Los pasos de Taniete están purificados por la honestidad de un oficio que los fija en determinados itinerarios legítimos y supuestamente acordes con su posición de subordinación a un amo paternalista, son los del inmigrante que escapa de la tentación de sindicalizarse, escapando hacia adentro, hacia la casa patriarcal para la que sirve. La criada de Sívori es pariente del inmigrante que, como Taniete, representa en los textos del 80 y que corre el riesgo del encierro al compás de la sífilis y el alcohol en las fronteras del hospital, la cárcel y el manicomio, y cuyos pies van diseñando las zonas expulsables de la ciudad moderna, del “crosta” de botines destartalados, de la muchacha del atado, del buscador de pensiones, del “squina drita”, palabra que más tarde Roberto Arlt verá en el origen de la palabra “esquenún”, un transgresor de la ley de vagos dictada en 1815 que, aunque sedentario, es una figura peligrosa en potencia, puesto que bien podría correr hacia el delito o la anarquía”.

◆ ◆ ◆

—¿Todavía están lavando? –pregunta el joven a alguien que está del otro lado del teléfono. Podría ser un mayordomo que interroga a un miembro de su cuadrilla de subordinados y que está en el primer paso del arreglo de un salón para banquetes, antes del mantel blanco y de los adornos florales. Pero lo que están lavando son los huesos de un hombre, el Che Guevara. El joven, con un repentino gesto de conciencia histórica, indica: “Si la máquina está fallando, compren otra”.

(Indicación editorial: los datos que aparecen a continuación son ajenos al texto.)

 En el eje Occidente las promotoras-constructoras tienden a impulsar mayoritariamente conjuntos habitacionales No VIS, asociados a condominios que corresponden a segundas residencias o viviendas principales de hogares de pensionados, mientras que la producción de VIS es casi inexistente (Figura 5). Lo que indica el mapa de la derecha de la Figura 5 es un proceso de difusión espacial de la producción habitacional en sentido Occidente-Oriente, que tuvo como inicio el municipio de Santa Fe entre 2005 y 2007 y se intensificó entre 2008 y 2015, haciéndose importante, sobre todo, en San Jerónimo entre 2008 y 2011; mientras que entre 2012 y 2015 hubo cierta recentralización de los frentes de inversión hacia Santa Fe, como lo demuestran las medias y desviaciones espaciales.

En 1984 la Conadep, por pedido de la organización Abuelas de Plaza de Mayo, hizo venir al país a un grupo de investigadores de la Asociación Americana por el Avance de la Ciencia. Entre ellos había un tipo de aspecto bonachón que era experto en la identificación de cadáveres producto de catástrofes aéreas y crímenes de la mafia. Se llamaba Clyde Collins y usaba sombrero tejano y chapa de sheriff.

Cuando la Conadep concluyó que la respuesta a la pregunta por el destino de los desaparecidos estaba subordinada a los avances que se produjeran en la individualización de los responsables de la acción represiva, Clyde Collins Snow meneó la cabeza e hizo una mueca casi irrespetuosa.

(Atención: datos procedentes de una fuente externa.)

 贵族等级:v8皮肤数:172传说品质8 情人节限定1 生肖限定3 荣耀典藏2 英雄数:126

—Si usted puede descubrir quién era esa persona y cómo murió, esto a menudo lo lleva directamente al asesino.

El joven del teléfono está en el Equipo Argentino de Antropología Forense formado por Snow. Él lee en los cráneos la trayectoria de una bala, remueve archivos de dentistas, escucha a una madre que repite insistentemente una fecha, repasa colecciones de diarios de la década del setenta y compara. ¿Hubo un traslado en El Vesubio? ¿Cuántos meses después de la fecha que la madre repite y repite? ¿Estaba X entre los trasladados? ¿Figura su nombre en la noticia del enfrentamiento? ¿Dónde? ¿Zona sur? Entonces puede estar entre los 160 N.N. exhumados en Avellaneda.

Lo que más impresionó a los hijos de X, junto al cráneo de su padre –había sido identificado entre otras cosas por un clavo en el fémur, implantado luego de un accidente de moto–, fueron los zapatos. Eran unos borcegos claveteados todavía en uso, de mochilero.

La primera vez que el joven tuvo que entregar una cajita de restos a los deudos, se largó a llorar.

Clyde C. Snow lo consoló:

—”Uno puede trabajar de día y llorar de noche”.